Mandibular Overdentures Retained With Porous-Surfaced Implants

Dentistry Today


Construction of conventional mandibular dentures can be a frustrating restorative procedure for dentists to successfully accomplish, and this type of denture can be the most difficult prosthesis for patients to wear. Occasionally, it is not possible to achieve optimal retention and stability because of factors beyond adequate denture fabrication alone.1 These factors can include (1) poor jaw and ridge relationships, (2) neuromuscular coordination, (3) inadequate quantity and poor location of available bone and alveolar mucosa, and (4) inadequate vestibular width.
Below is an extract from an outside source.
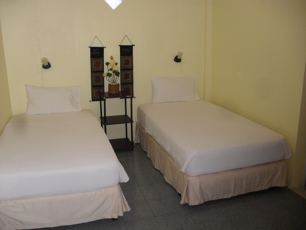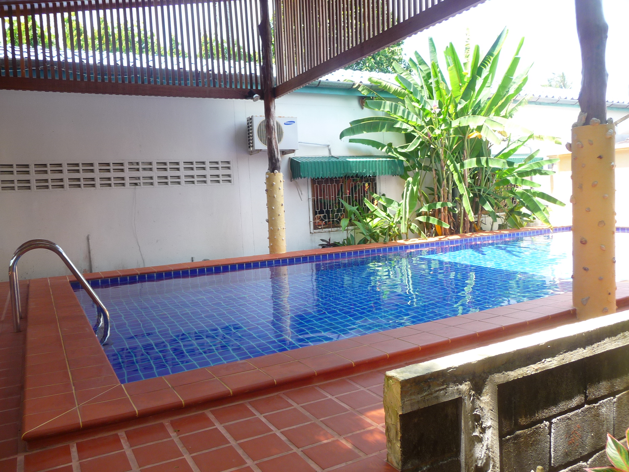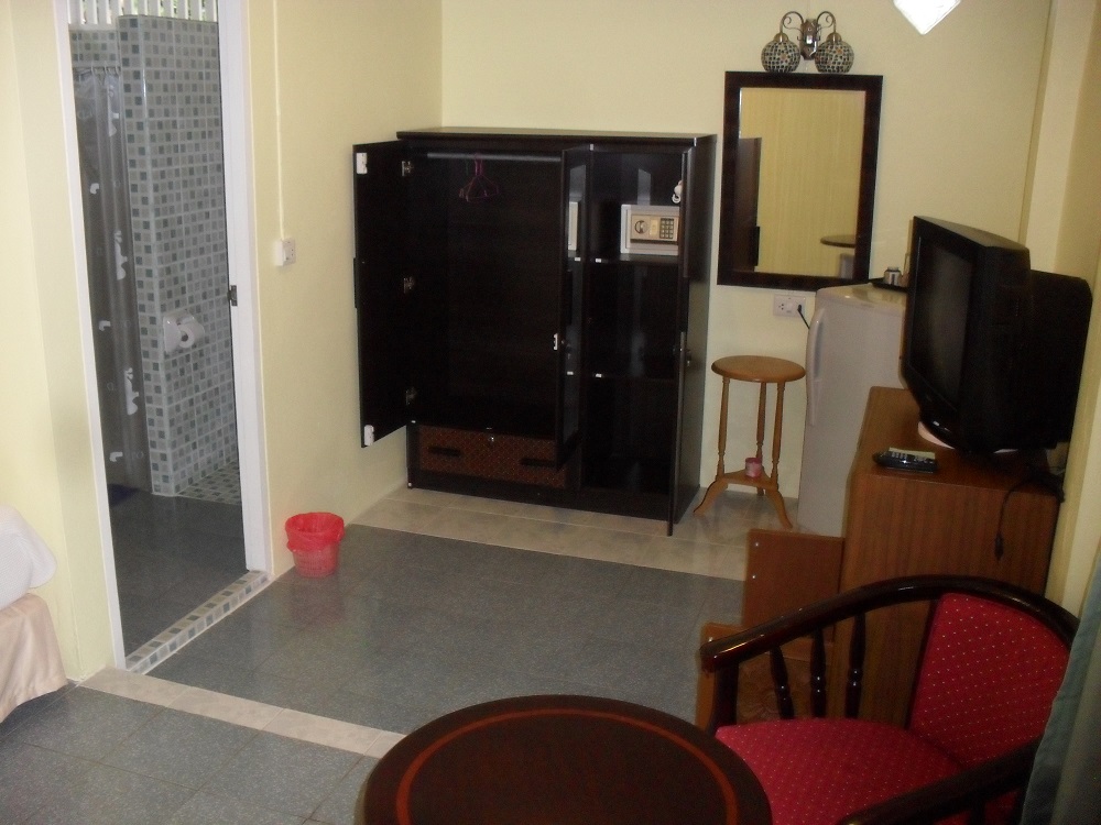 Mrs. Janchai Srisanga vermietet großzügige AC-Zimmer im schönen Garten hinter dem Minimarkt.

The widespread occurrence of edentulism creates both physiologic and psychologic problems because the alveolar ridge of denture wearers is very susceptible to resorption.2 Treatment alternatives to increase retention and stability include surgery to augment the alveolar ridge or increase vestibular depth, dental implants to provide anchorage for an all implant-supported prosthesis, or mucosa and implant-supported overdentures.3 It has been demonstrated that patients whose dentures lack stability, particularly the mandibular denture, benefit significantly from even slight increases in denture retention.4 Grogono et al found the most common reason that patients elect to have implant treatment is to improve eating ability.5

The implant overdenture is an especially attractive treatment because of its relative simplicity, minimal invasiveness, and economy.5 Existing complete dentures can be converted for many patients and maintain facial support with denture flanges when moderate-to-extreme alveolar ridge resorption is present. The implant overdenture is supported by both implant and mucosa; therefore, fewer implants are necessary than for the prosthesis supported only by implants.3 Two or more implants connected by a bar has been the treatment norm for implant-supported overdentures. Engquist et al reported that separate attachments are easily used in a number of different situations and are less expensive relative to the bar attachment.6 Also, patients with limited vertical dimension of occlusion may have inadequate space for a bar overdenture. Burns et al reported that independent implant placement may be beneficial in the control of hyperplastic tissue formation occasionally associated with the use of the bar attachment.3 Intimate contact between the denture base and supporting tissues is maintained over a larger surface area with the use of independent fixtures rather than with a bar overdenture.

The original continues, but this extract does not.